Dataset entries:
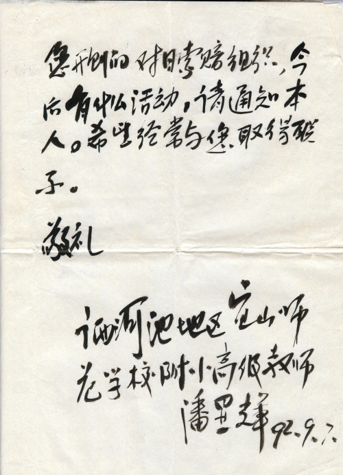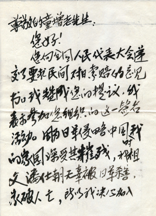 您向全国人民代表大会递交了要求民间对日索赔的意见书。我赞成您的提议,我表示参加您组织的这一签名活动。因为日军侵略中国时,我的家园深受其摧残,我祖父潘仕朝无辜被日军杀害,家破人亡,所以我决心加入您开创的对日索赔组织,今后有什么活动,请通知本人。希望经常与您取得联系。
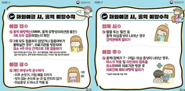 또 여행 후에는 다음과 같은 예방수칙을 준수하여야 한다. ▲입국 시 발열, 발진 등 증상이 있다면 검역관에게 신고해야 하고 ▲도착 후 홍역(잠복기7~21일) 의심 증상(발열 또는 발진 등)이 나타날 경우 마스크 착용 후 의료기관을 방문하여 의료진에게 해외 여행력을 알린 후 진료를 받아야 한다.
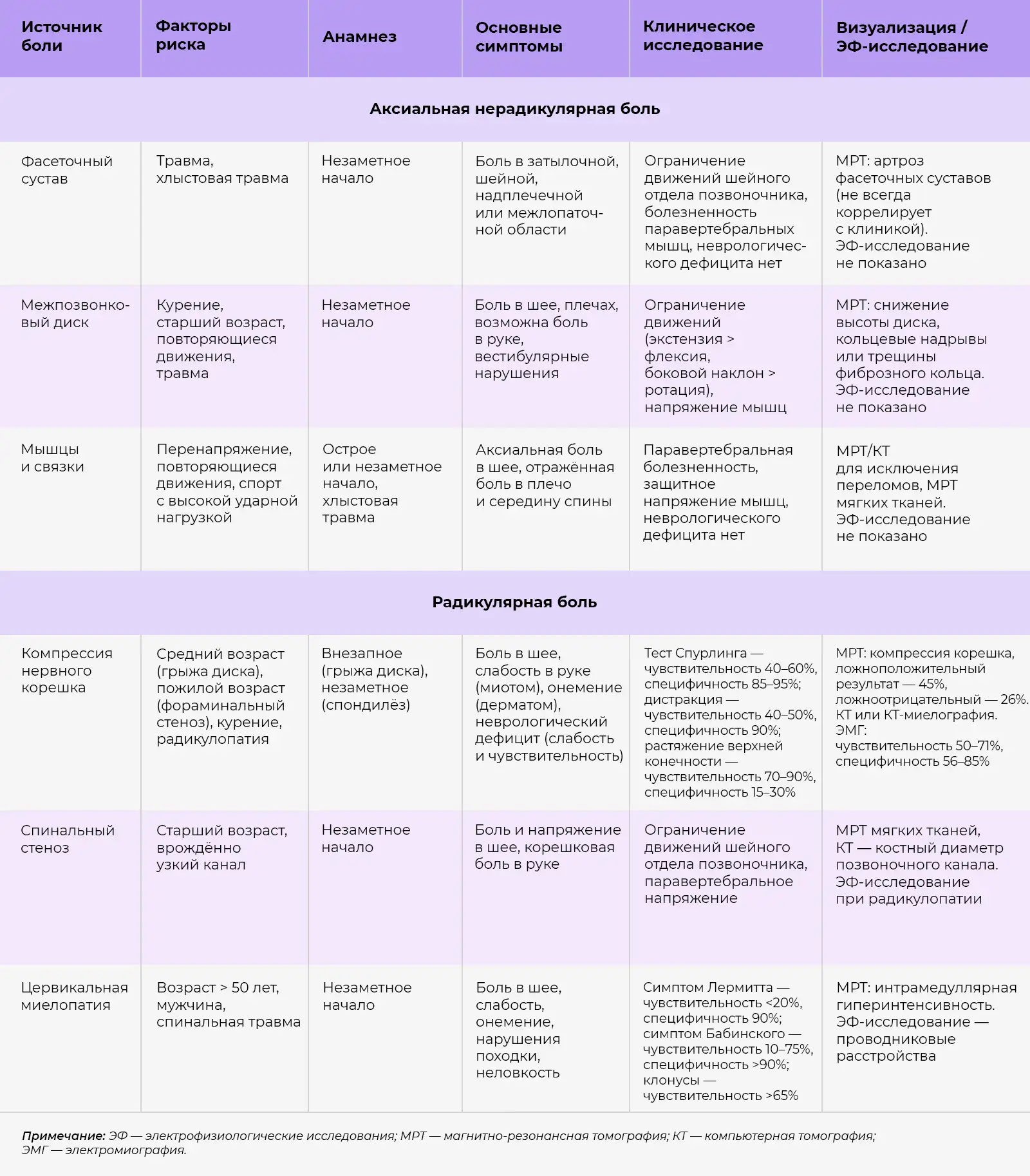 В большинстве случаев боль в шее имеет неспецифический характер [4]. Поэтому целесообразно использовать фенотипический подход, который позволяет врачу быстро определить вероятный источник боли, оценить неврологический статус и избежать избыточных диагностических процедур.
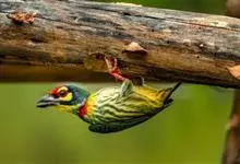 金喉拟啄木鸟,是须鴷科、拟啄木鸟属的鸟类。金喉拟啄木鸟为小型鸟类,体长19-24厘米。额深红色,头顶金黄色,后枕具一大块深红色斑,耳羽和头侧银灰色,上体草绿色,颏和上喉金黄色,下喉淡银灰色,…全部>>
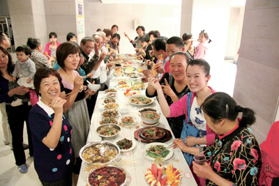 一个人做一道菜,一群人吃一百多道菜。6月9日,县前社区的“百家宴”活动改变了邻里之间“一墙之隔不通气,一年四季不来往,擦肩而过不说话,楼上楼下不知姓”的疏远现状。社区居民、乡里乡亲聚在一起吃美食,聊家常,享受的是一份温馨的邻里情。
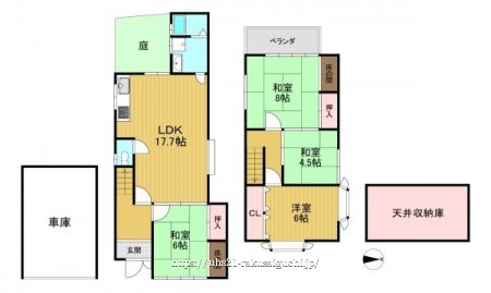 階数 区分 広さ 1F LDK 17.7帖 1F 和 6.0帖 2F 和 8.0帖 2F 洋 6.0帖 2F 和 4.5帖 - 駐車場
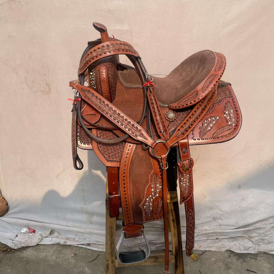 ชุดอานม้าหนังแท้สไตล์ตะวันตกพร้อมงานศิลปะลายไม้ต้นไม้พรีเมียม | ชุดอุปกรณ์ขี่ม้าแบบแฮนด์เมดพร้อมอุปกรณ์เสริมฟรี
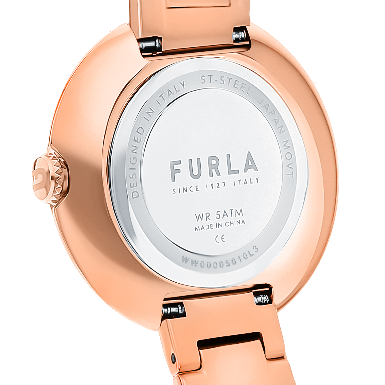 Женские наручные часы FURLA модель WW00005010L3 из коллекции FURLA HERITAGE. Японский кварцевый механизм Y120 SEIKO (TMI) использующий элемент питания SR626SW. Стальной корпус размера 32 мм. Минеральное стекло. Стальной браслет. Водостойкость 5 АТМ (мытье рук, дождь). Бренд Furla (Фурла) был основан Альдо Фурланетте в Болонье (Италия) в 1927 году. Сегодня, как и в начале своего пути, бренд продолжает свое дело – создает великолепные изделия, основываясь на традиции мастерства, опыте, приверженности новаторству и чувстве прекрасного. Вся продукция бренда, будь то сумки, обувь или аксессуары, обладают высочайшим качеством и современным итальянским стилем. Страна-изготовитель: Китай. При изготовлении используются только надежные Японские механизмы. ВНИМАНИЕ! Заявленная водостойкость гарантируется только при плотно закрытой или закрученной заводной головке!
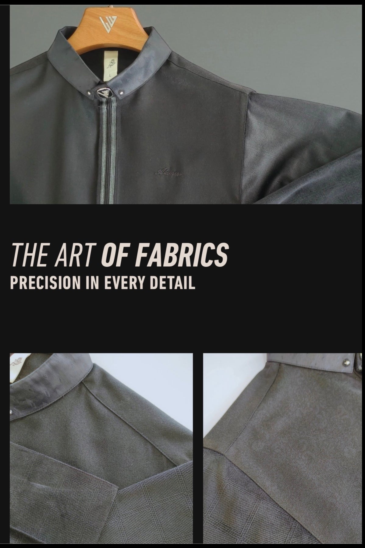 Made from a premium textured fabric in a deep black tone, this thobe delivers a smooth, structured drape while remaining lightweight and breathable. The snug stand collar is finished with subtle texture detailing and polished metal accents, offering a sharp, tailored look.
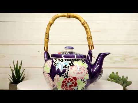 • This beautiful porcelain tea pot set serves four people, containing 1 teapot(25oz) with bamboo handle, strainer and 4 tea cups. Our traditionally crafted bowls are made of the highest quality porcelain available and fired at a high temperature to maximize the strength of the porcelain, making them superior to other ceramics in the market. Our bowls are more resistant to cracks, stains, and scratches. Our porcelain is food safe and contain no lead or cadmium. • Tea pot measurements: 5"H by 7.25"L by 5.25" W approximately without the handle. Tea Cup measurements: 2"H and 3" in Diameter with 4 ounce capacity each. • The teapot set with cups weigh approximately 2.25 pounds. They are dishwasher and microwave safe IF you remove the metal strainer and the wooden handle. DO NOT microwave the teapot with the metal strainer and wooden handle still attached to the pot. • Beauty and elegance is presented in the design of this earthenware tea pot set. With the base color of rich deep space purple, the teapot is adorned with large colorful floral blossoms. This teapot is styled with a fusion of Victorian and Asian themes. The teacups are matching in design, making this tea pot set a delightful decor, serve-ware for tea time or gift for any occasion! • This is an Ebros Gift exclusive collection. It comes with our Ebros Gift Satisfaction Guarantee when sold by Ebros Gift.
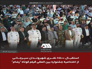 به گزارش اقتصادنامه، اختتامیه ششمین جشنواره بین المللی فیلم کوتاه "رسّام" با محوریت دفاع مقدس و مقاومت و با حضور امیر دریادار شهرام ایرانی فرمانده نیروی دریایی ارتش، بیژن نوباوه نماینده مردم تهران و عضو کمیسیون فرهنگی مجلس، سردار سلیمانی معاون سازمان بنیاد شهید و امور ایثارگران و جمعی از فرماندهان ارشد نظامی و امنیتی استان کرمان و بیش از ۸ هزار و ۵۰۰ نفر از شهروندان سیرجانی با شور و هیجان فراوان برگزار شد.
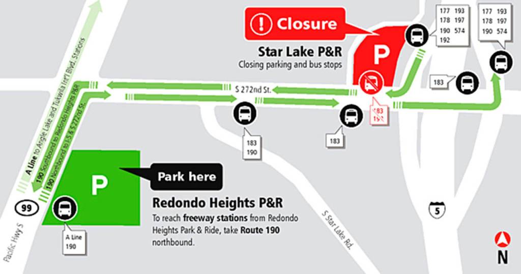 Sound Transit will permanently close the Star Lake Park-and-Ride lot on Saturday, March 21, in Kent and redirect commuters to the Redondo Heights Park-and-Ride in Federal Way to make way for the construction of a new Link light rail station and garage on the site.
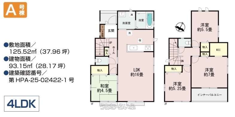 | 建物面積 | 93.15m² / 28.17坪 | 土地面積 | 125.52m² / 37.96坪 |
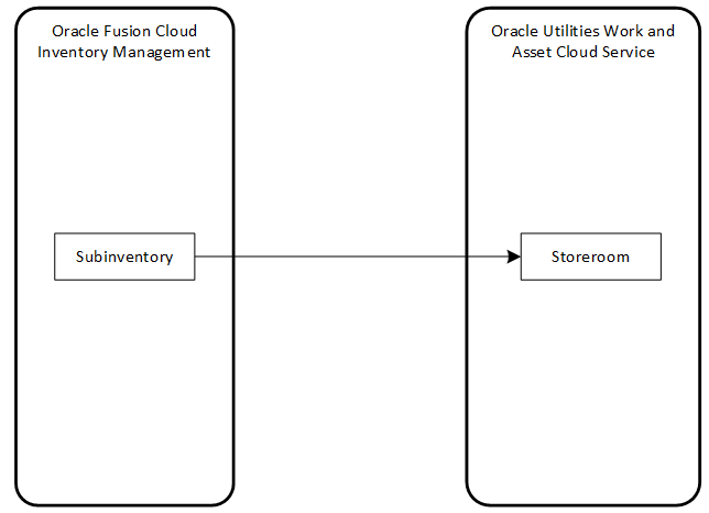 The storeroom integration transfers the sub inventory in Oracle Fusion ERP Cloud as storeroom in Oracle Utilities Work and Asset Cloud Service:
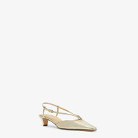 Slingbacks with square toe and straps that wrap around the foot. Embellished with a metal FF detail and featuring a special design that includes a functional hinge in the centre. Made of gold-colored metallic nappa leather. Tonal covered heel. Gold-finish metalware. Made in Italy Composition: 100% lamb leather, interior: 100% lamb leather Product Code: 8J8580VH6F0XEW
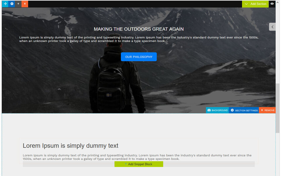 - Green Add Section Button - This will pop up a window where you can choose a new section layout to add below the current one
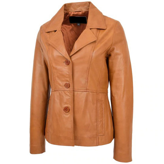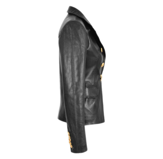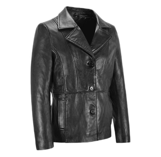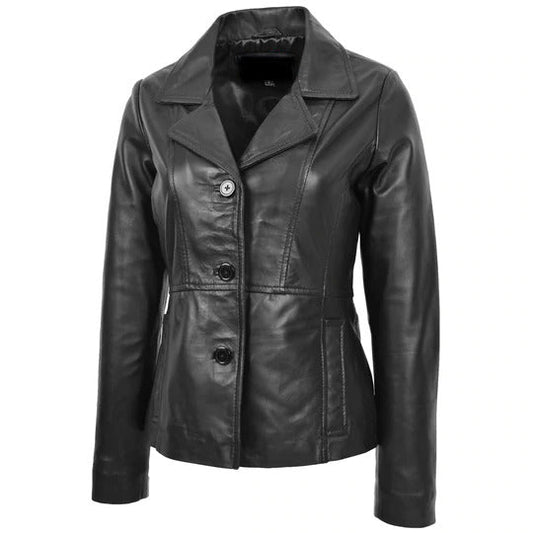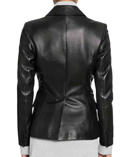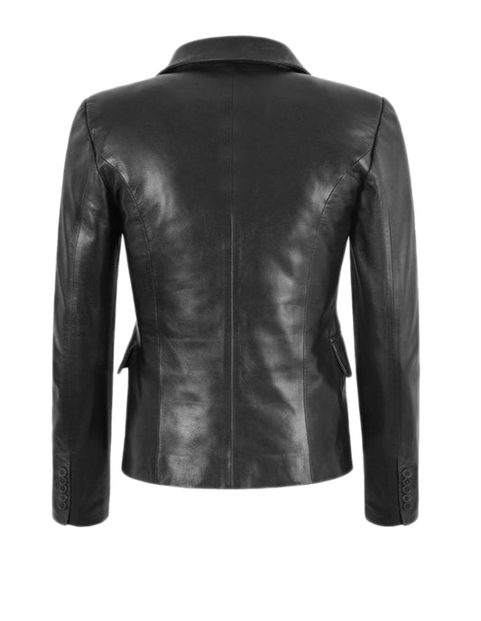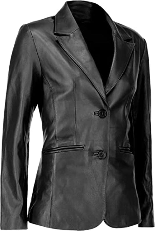 Women's Black Sheepskin Two Button Leather Blazer Coat
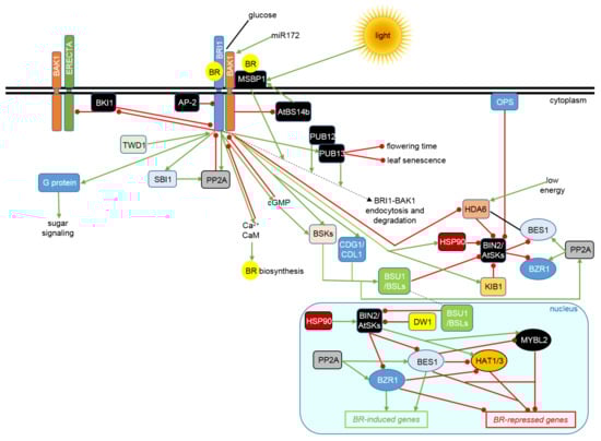 The BZR1 and BES1 transcription factors constitute a core of the complicated network, which coordinately regulates the BR-dependent gene expression []. The complicated mechanism, which coordinately regulates the BR-dependent gene expression is shown in Figure 2. They are central factors that interact with a broad range of regulators and cofactors to modulate various developmental processes []. Moreover, recent discoveries indicated that these transcription factors represent an integration node of numerous signal transduction pathways, and this integration hub enables a coordinated regulation of various physiological processes in reaction to environmental and stress conditions []. An accumulating body of evidence provides new information about proteins interacting with and modulating activity of these transcription factors. It was reported that BZR1 directly interacts with and is phosphorylated by components of the Mitogen-Activated Protein Kinase (MAPK) complex, what indicates that BZR1 is post-translationally regulated by the MAPK pathway. Mechanism of the BZR1 regulation through phosphorylation may be quite complicated, as apart from 25 putative BIN2-mediated phosphorylation sites BZR1 is predicted to contain 11 phosphorylation sites for other kinases []. Phosphorylation status of BZR1 may also be regulated by other proteins. Interaction between the cyclophilin protein CYP20-2 and BZR1 stimulates the BZR1 phosphorylation and alters its conformation to repress its inhibitory transcriptional effect on the gene encoding a key regulator of flowering—Flowering Locus D (FLD) []. BZR1 interacts also with histone deacetylase HDA19 (HDA19), and this interaction is required for normal function of BZR1 and its role in regulating target gene expression []. Recently, a new component of the regulatory network has been identified. BZR-SENSITIVE-SHORT HYPOCOTYL1, also known as BLADE ON PETIOLE1 (BSS1/BOP1), is a negative regulator of the BR signaling. The BSS1/BOP1 gene encodes a protein with ankyrin repeats, which regulates leaf development. The BSS1/BOP1 protein interacts with the BZR1 and BES1 transcription factors to form a cytosolic complex. Thus, the BSS1/BOP1 complex inhibits the BZR1 transport from the cytosol to the nucleus, and consequently negatively regulates the BR signaling. The protein complex is dissolved by the BR treatment, which enables the BZR1 transport to the nucleus. Moreover, the BSS1/BOP1 gene expression is decreased by BR [] (Figure 2).
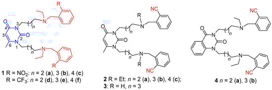 Synthesis of initial compounds 1,3-bis(4-bromobutyl)-6-methyluracil (7a), 1,3-bis(5-bromopentyl)-6-methyluracil (7b), 1,3-bis(6-bromohexyl)-6-methyluracil (7c) [], 1,3-bis(4-ethylaminobutyl)-6-methyluracil (8a), 1,3-bis(5-ethylaminopentyl)-6-methyluracil (8b), 1,3-bis(6-ethylaminohexyl)-6-methyluracil (8c) [,], 1,3-bis(5-azidopentyl)-6-methyluracil (11) [], and 1,3-bis(5-bromopentyl)quinazoline-2,4-dione (9b) was carried out as previously reported [].

ABOUT THIS EXERCISE: From the data above, return only the lines starting at the line that holds "Sound Transit will" and ending at the line that holds "Women's Black Sheepskin", word for word and without pictures.

TASK RESPONSE:
 Sound Transit will permanently close the Star Lake Park-and-Ride lot on Saturday, March 21, in Kent and redirect commuters to the Redondo Heights Park-and-Ride in Federal Way to make way for the construction of a new Link light rail station and garage on the site.
 | 建物面積 | 93.15m² / 28.17坪 | 土地面積 | 125.52m² / 37.96坪 |
 The storeroom integration transfers the sub inventory in Oracle Fusion ERP Cloud as storeroom in Oracle Utilities Work and Asset Cloud Service:
 Slingbacks with square toe and straps that wrap around the foot. Embellished with a metal FF detail and featuring a special design that includes a functional hinge in the centre. Made of gold-colored metallic nappa leather. Tonal covered heel. Gold-finish metalware. Made in Italy Composition: 100% lamb leather, interior: 100% lamb leather Product Code: 8J8580VH6F0XEW
 - Green Add Section Button - This will pop up a window where you can choose a new section layout to add below the current one
 Women's Black Sheepskin Two Button Leather Blazer Coat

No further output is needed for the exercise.